Ah! dm-crypt too. I'll see if I can get that added easily to my tests.

> ===
> [ 1615.409622] dmcrypt_write   D    0   236      2 0x80000000
> [ 1615.413422] Call Trace:
> [ 1615.415428]  ? __schedule+0x336/0xf40
> [ 1615.417824]  ? blk_mq_sched_dispatch_requests+0x117/0x190
> [ 1615.421423]  ? __sbitmap_get_word+0x2a/0x80
> [ 1615.424202]  schedule+0x32/0xc0
> [ 1615.426521]  io_schedule+0x12/0x40
> [ 1615.432414]  blk_mq_get_tag+0x181/0x2a0
> [ 1615.434881]  ? elv_merge+0x79/0xe0
> [ 1615.437447]  ? wait_woken+0x80/0x80
> [ 1615.439553]  blk_mq_get_request+0xf9/0x400
> [ 1615.444653]  blk_mq_make_request+0x10b/0x640
> [ 1615.448025]  generic_make_request+0x124/0x2d0
> [ 1615.450716]  ? raid10_unplug+0xfb/0x180 [raid10]

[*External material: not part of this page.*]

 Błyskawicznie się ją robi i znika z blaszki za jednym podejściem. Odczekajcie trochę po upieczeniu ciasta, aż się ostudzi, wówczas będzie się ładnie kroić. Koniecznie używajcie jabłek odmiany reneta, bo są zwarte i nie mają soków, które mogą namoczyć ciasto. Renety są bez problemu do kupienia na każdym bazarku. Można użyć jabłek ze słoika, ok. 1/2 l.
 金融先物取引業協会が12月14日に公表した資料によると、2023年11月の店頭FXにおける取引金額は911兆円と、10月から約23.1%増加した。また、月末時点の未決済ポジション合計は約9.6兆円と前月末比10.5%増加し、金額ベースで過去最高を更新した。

> [ 1615.454069]  raid10_unplug+0xfb/0x180 [raid10]
> [ 1615.456729]  blk_flush_plug_list+0xc1/0x250
> [ 1615.460276]  blk_finish_plug+0x27/0x40
> [ 1615.464103]  dmcrypt_write+0x233/0x240 [dm_crypt]

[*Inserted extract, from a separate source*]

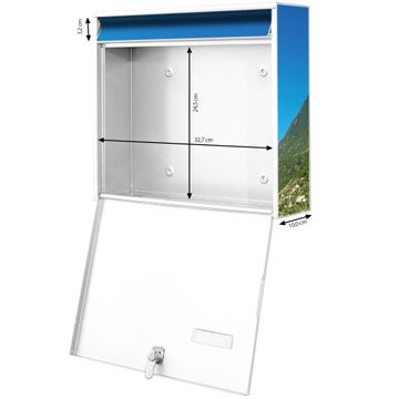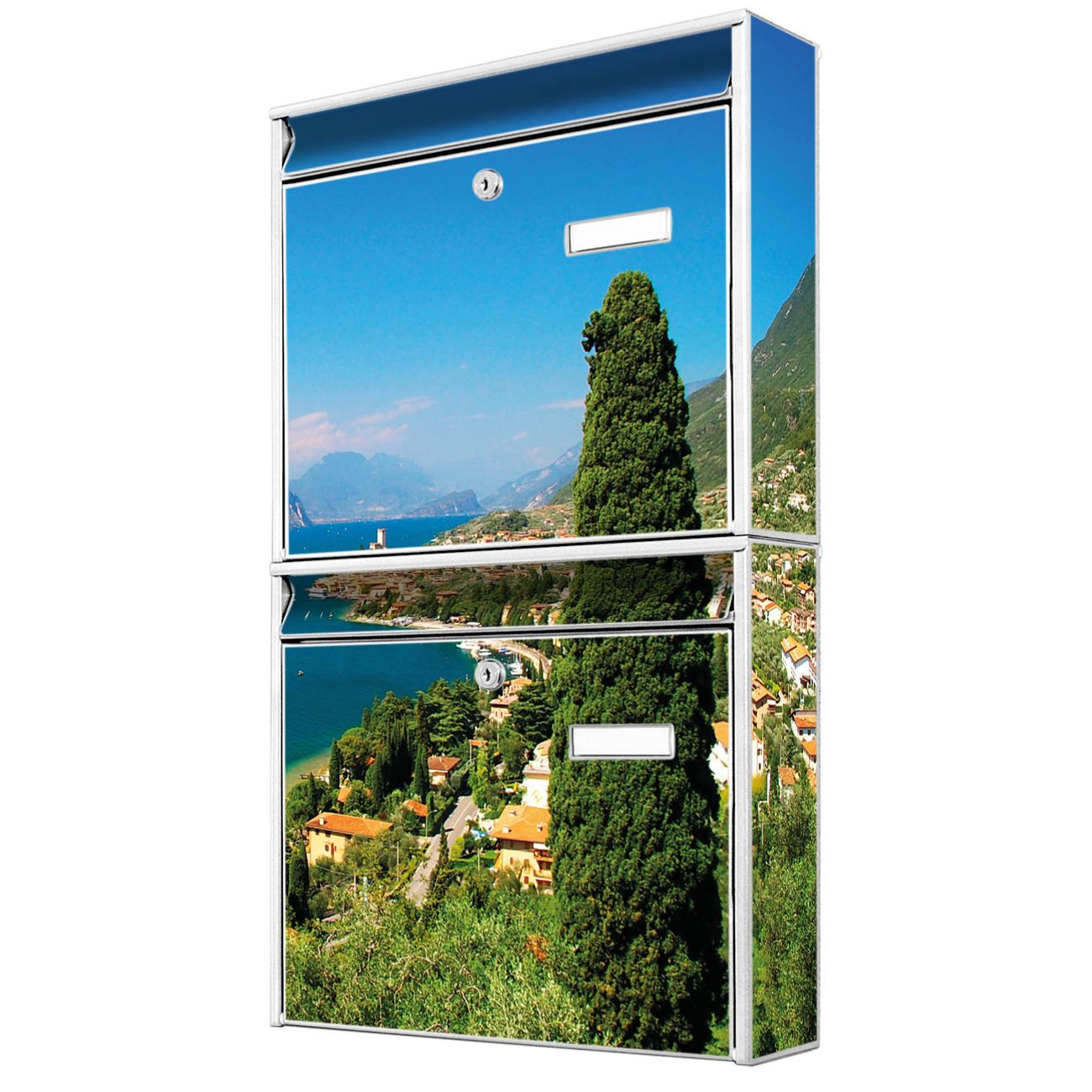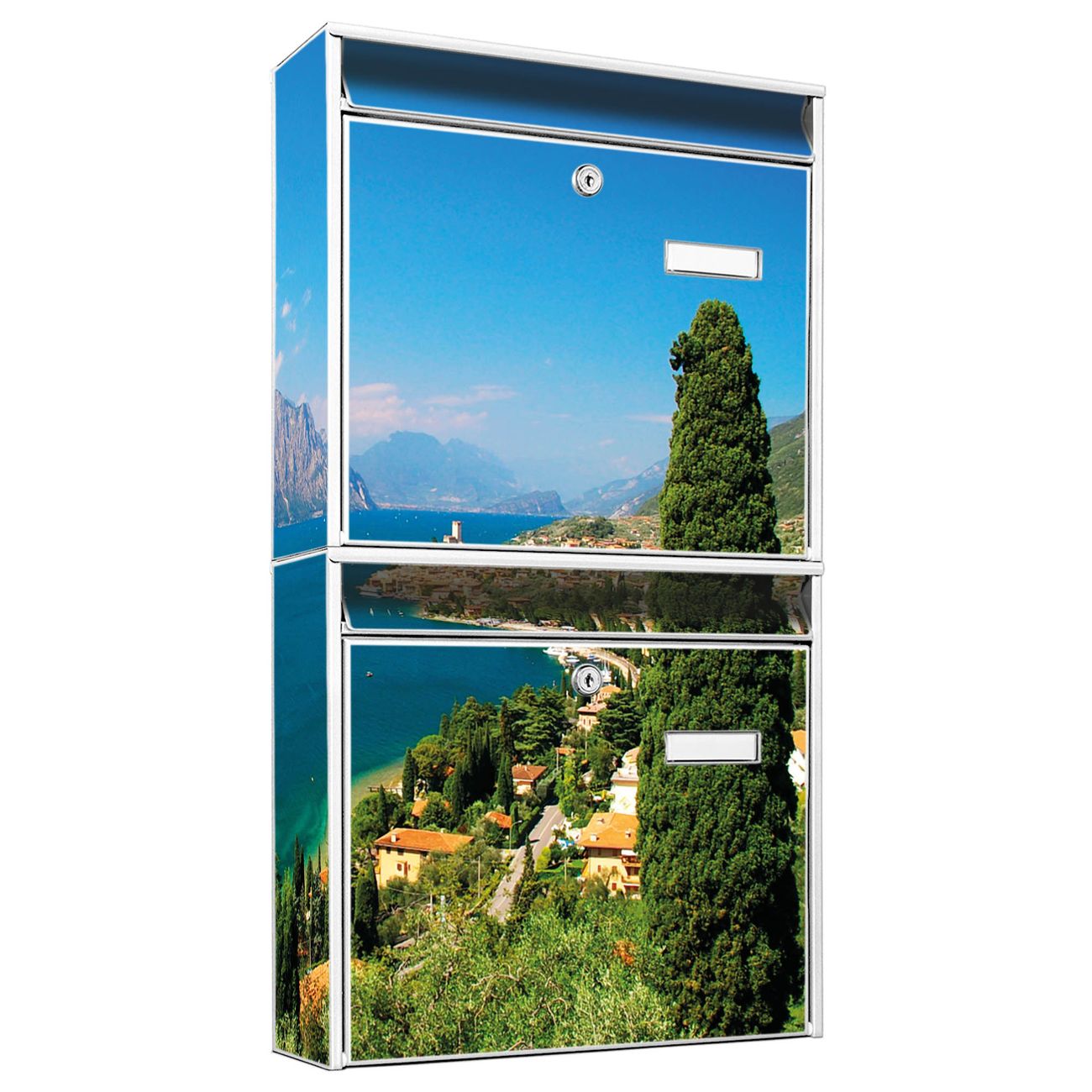 FUNKTION: Die Burg-Wächter Briefkastenanlage mit Motiv Gardasee bietet Ihnen ausreichend Fassungsvermögen um auch A4 und C4 Sendungen zu empfangen. Das integrierte Namensschild lässt sich individuell beschriften. Wählen Sie aus den Grundfarben weiß, silber und schwarz. DESIGN: Die 2 Briefkästen haben ein ansprechendes und zeitloses Design, ohne dabei auf Funktionalität zu verzichten. Das Material ist sehr stabil, wetterfest und rostfrei. Durch das Motiv Gardasee werden die Postkästen zu einem Blickfang. DETAILS: Die Postkästen bestehen aus verzinktem Stahl der zusätzlich mit Klarlack versiegelt wurde. Die Kästen sind gesamt 64,5cm hoch, 36,2cm breit und 10cm tief. Das Motiv besteht aus einer wetter- und UV-festen Folie, die Ihren Briefkasten zusätzlich vor Kratzern schützt. Die Postkästen werden mit Montagematerial, je einem Namensschild und je zwei Schlüsseln geliefert. NUTZEN: Das Briefkastenset eignet sich für die Wandmontage, die Größe bietet genügend Platz für Sendungen aller Art. Das zeitlose Design sowie die stabile Bauart bieten Ihnen einen treuen Begleiter für Ihre Post. BANJADO:

> [ 1615.467443]  ? wake_up_process+0x20/0x20
> [ 1615.470845]  ? crypt_iv_essiv_dtr+0x60/0x60 [dm_crypt]
> [ 1615.475272]  ? kthread+0x113/0x130
> [ 1615.477652]  kthread+0x113/0x130
> [ 1615.480567]  ? kthread_create_on_node+0x70/0x70
> [ 1615.483268]  ret_from_fork+0x35/0x40
> ===
>
> One of XFS threads, too:

And XFS! You love your corner cases. ;)

>
> ===
> [ 1616.133298] xfsaild/dm-7    D    0   316      2 0x80000000
> [ 1616.136679] Call Trace:
> [ 1616.138845]  ? __schedule+0x336/0xf40
> [ 1616.141581]  ? preempt_count_add+0x68/0xa0
> [ 1616.147214]  ? _raw_spin_unlock+0x16/0x30
> [ 1616.149813]  ? _raw_spin_unlock_irqrestore+0x20/0x40
> [ 1616.152478]  ? try_to_del_timer_sync+0x4d/0x80
> [ 1616.154734]  schedule+0x32/0xc0
> [ 1616.156579]  _xfs_log_force+0x146/0x290 [xfs]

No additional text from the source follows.